··· Provided information

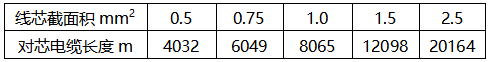 結合線芯截面積選用原則c的要求,截面積與敷設長度的選用推薦值如下表。
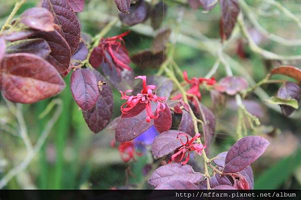 要仔細找才能看見紅彩木藏在紅葉間的花朵。
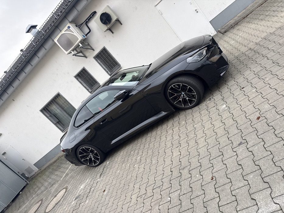 A black BMW 2 Series (G42) coupe is parked on a grey interlocking paver driveway, adjacent to a white building under an overcast sky
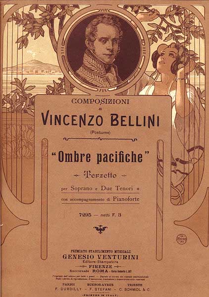 Frontespizio dell'edizione Venturini (1901) della cantata Imene (intitolata dall'incipit "Ombre pacifiche"). | Vincenzo Bellini Jr. (Vincenzo Salvatore Carmelo Francesco Bellini) (18011835) |
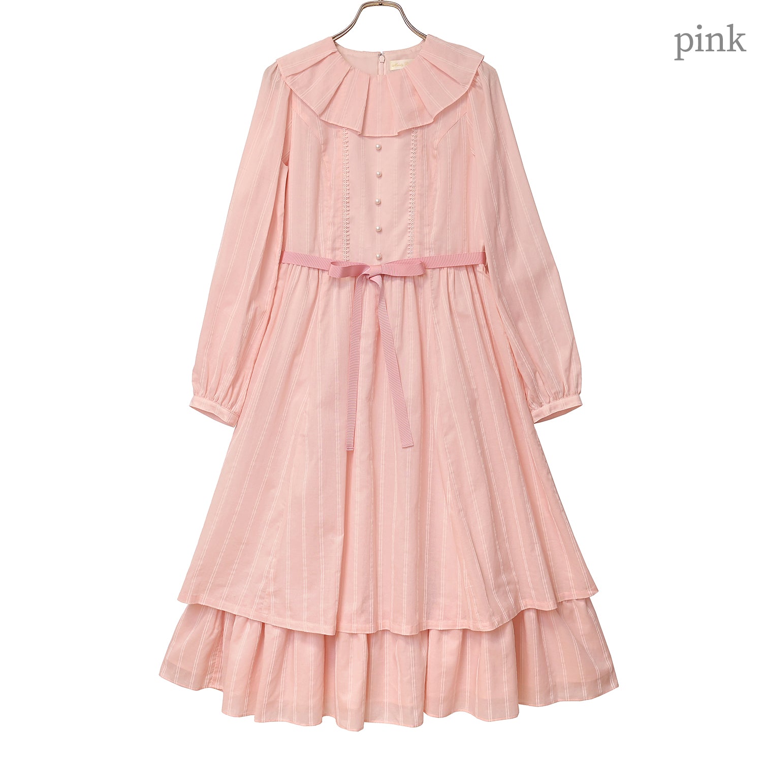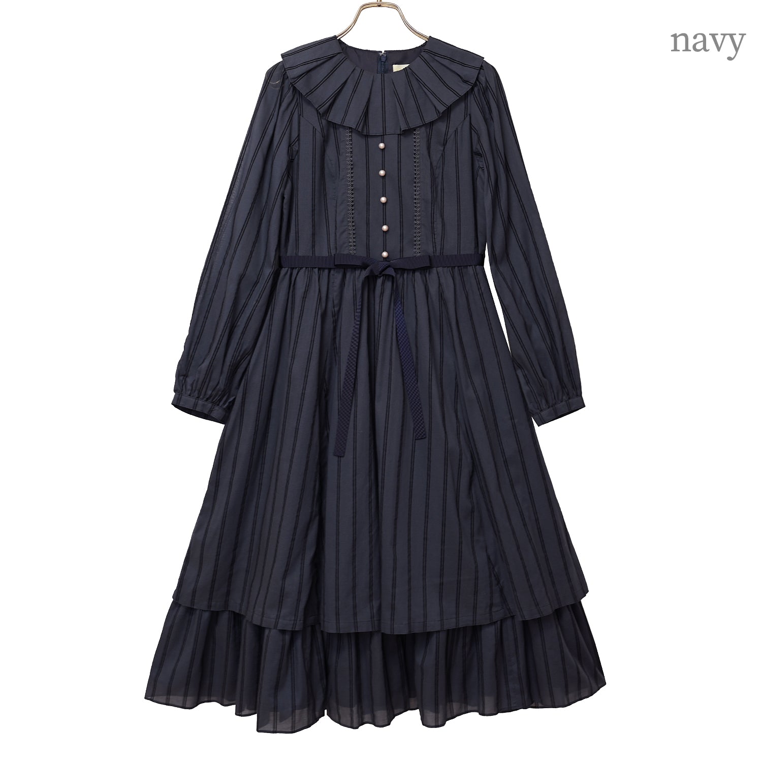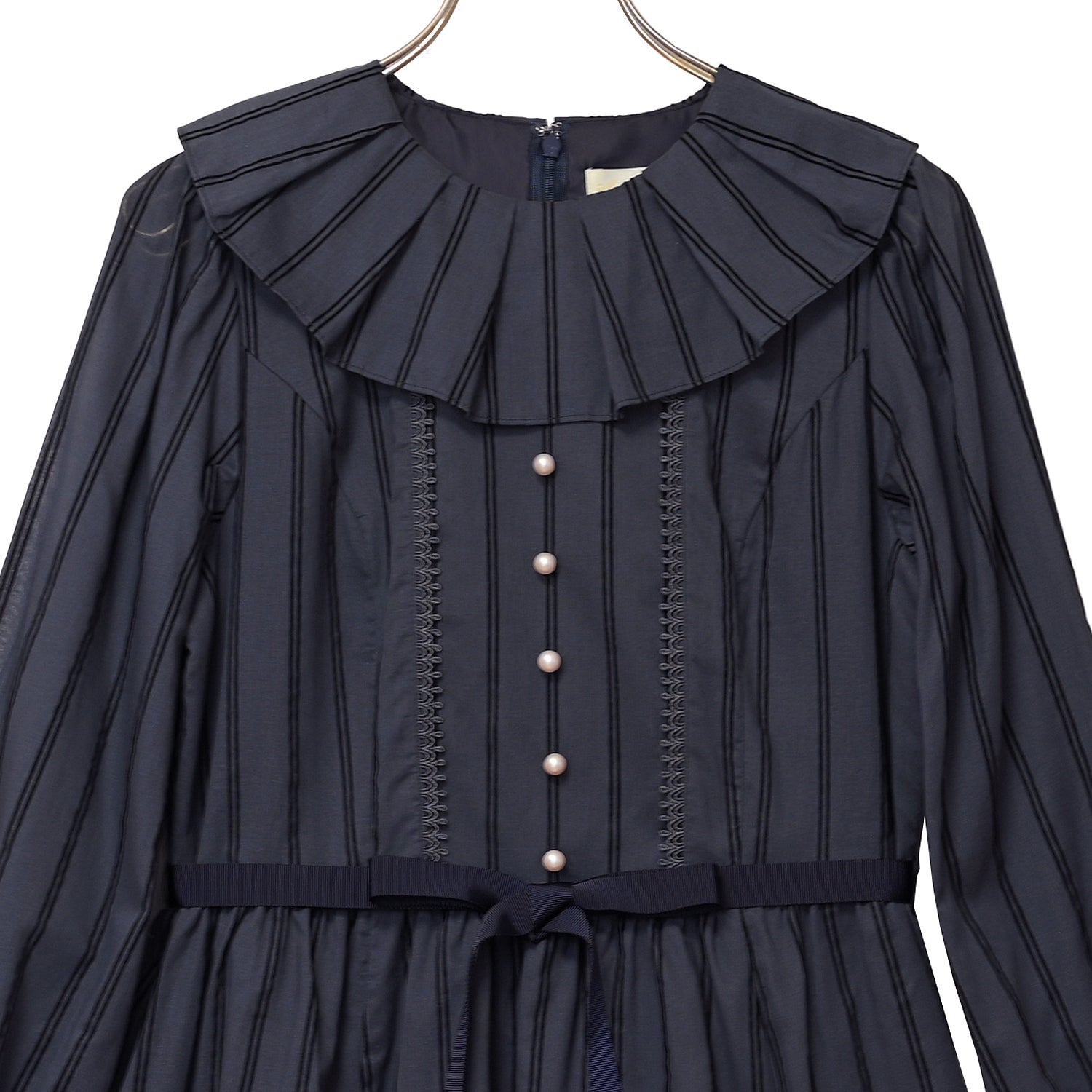 タックフリルカラーに飾りパールボタン、裾フリルとデザイン要素も満載。
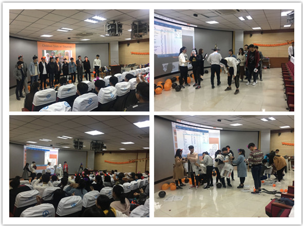 10月31日晚,国际交流中心在3D实训室举办万圣节文化体验活动。外教夏(Shahboz)和阿齐兹(Azizi)带领2017级中外合作专业的学生们一起体验了西方文化中的万圣节。 活动开始,学生们身着应景的服装、面具及面带妆容入场,外教夏用PPT介绍了万圣节的由来、各地庆祝方式,并与学生们分享了万圣节当天爱尔兰人的庆祝方式。外教阿齐兹带同学们开展了 “贴南瓜鼻”、“成为木乃伊”、“万圣节时装制作”、“水中取苹果”、“竞猜瓶中糖果”等经典游戏项目,现场气氛活跃,欢声笑语不断。
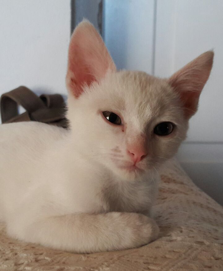 El cuidado y los mimos salvaron a Lázaro, el gatito blanco
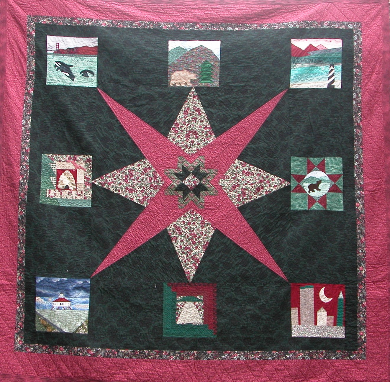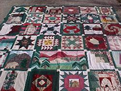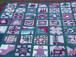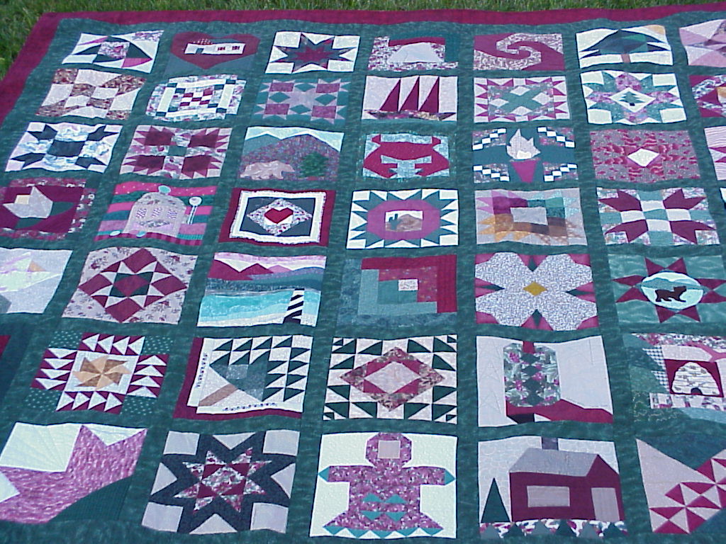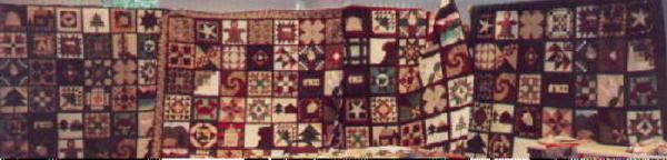 | Traditional 50 State Quilt Block Swap Our quilting group swapped 12 inch 50 State Quilt Blocks in Burgandy/Forest Green/Cream Color Theme Hostesses Teresa Drummond and Wendy Clark On the weekend of Apri 25, 1998 quilters from our swap came as far away as Utah to help me sort our 2500 state quilt blocks and to sew the two Breast Cancer Survivor/Memorial Breast Cancer Quilts. You can read more about our gatherings on our History link to the right. Then our group had a reunion in 2001 and many quilters brought their completed Nifty Fifty Quilts to share with our group. At this reunion we sorted international quilt blocks from our Twenty Plenty International Quilt Blocks swap and we sewed together the Twenty Plenty Breast Cancer Quilts. |
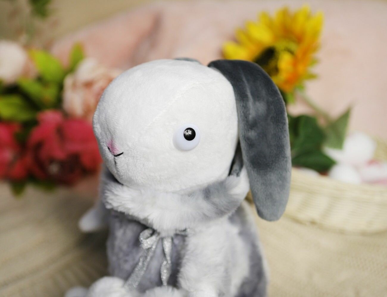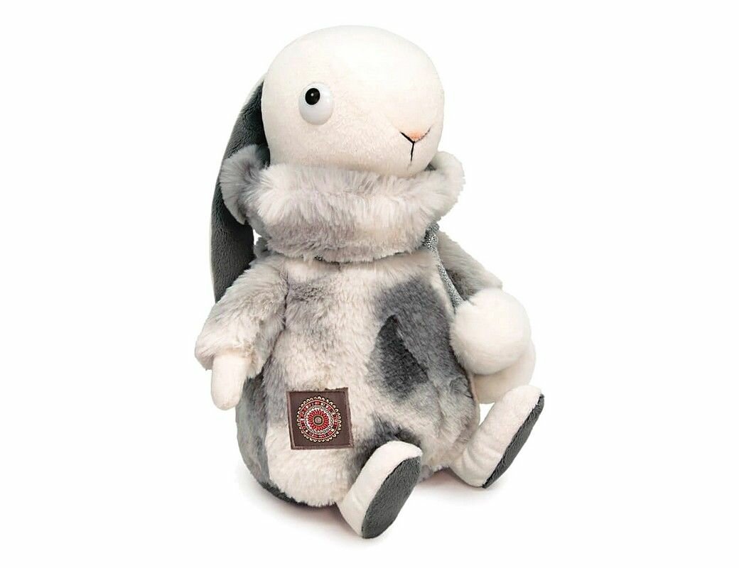 Кролик Нейл в оригинальной, несъемной шубке из мягкого меха в бело серебристых пятнах, украшенной двумя объемными белоснежными помпонами на серебристой ленте.
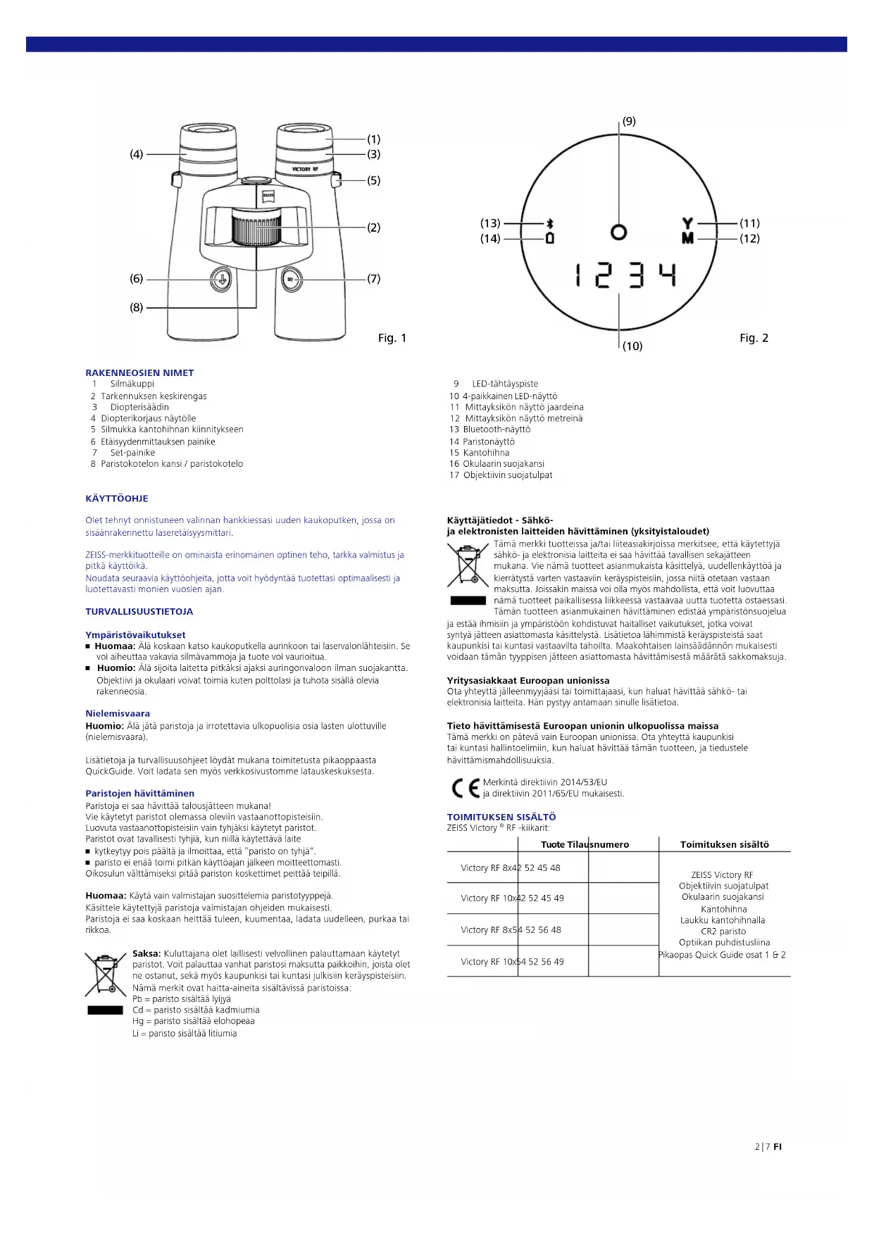 RF -kiikarit: Tuote Tilausnumero Toimituksen sisältö Victory RF 8x42 52 45 48 ZEISS Victory RF Objektiivin suojatulpat Okulaarin suojakansi Kantohihna Laukku kantohihnalla CR2 paristo Optiikan puhdistusliina Pikaopas Quick Guide osat 1 & 2 Victory RF 10x42 52 45 49 Victory RF 8x54 52 56 48 Victory RF 10x54 52 56 49 (5) (3) (1) Fig. 1 (7) (4) (6) (8) (2) Fig. 2 (12) (11) (14) (13) (9) (10) 9 LED-tähtäyspiste 10 4-paikkainen LED-näyttö 11 Mittayksikön näyttö jaardeina 12 Mittayksikön näyttö metreinä 13 Bluetooth-näyttö 14 Paristonäyttö 15 Kantohihna 16 Okulaarin suojakansi 17 Objektiivin suojatulpat
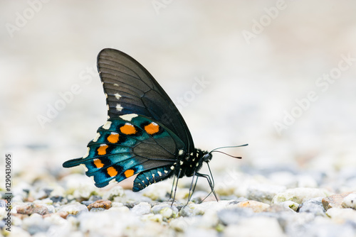 A Spicebush Swallowtail butterfly puddling mineral rich water

······

=== Aim of the task ===
In the data above, find the line with "タックフリルカラーに飾りパールボタン、裾フリルとデザイン要素も満載。" and the line with "El cuidado y". Please copy exactly those two lines and every line between them, but not the pictures.

=== Reply ===
 タックフリルカラーに飾りパールボタン、裾フリルとデザイン要素も満載。
 10月31日晚,国际交流中心在3D实训室举办万圣节文化体验活动。外教夏(Shahboz)和阿齐兹(Azizi)带领2017级中外合作专业的学生们一起体验了西方文化中的万圣节。 活动开始,学生们身着应景的服装、面具及面带妆容入场,外教夏用PPT介绍了万圣节的由来、各地庆祝方式,并与学生们分享了万圣节当天爱尔兰人的庆祝方式。外教阿齐兹带同学们开展了 “贴南瓜鼻”、“成为木乃伊”、“万圣节时装制作”、“水中取苹果”、“竞猜瓶中糖果”等经典游戏项目,现场气氛活跃,欢声笑语不断。
 El cuidado y los mimos salvaron a Lázaro, el gatito blanco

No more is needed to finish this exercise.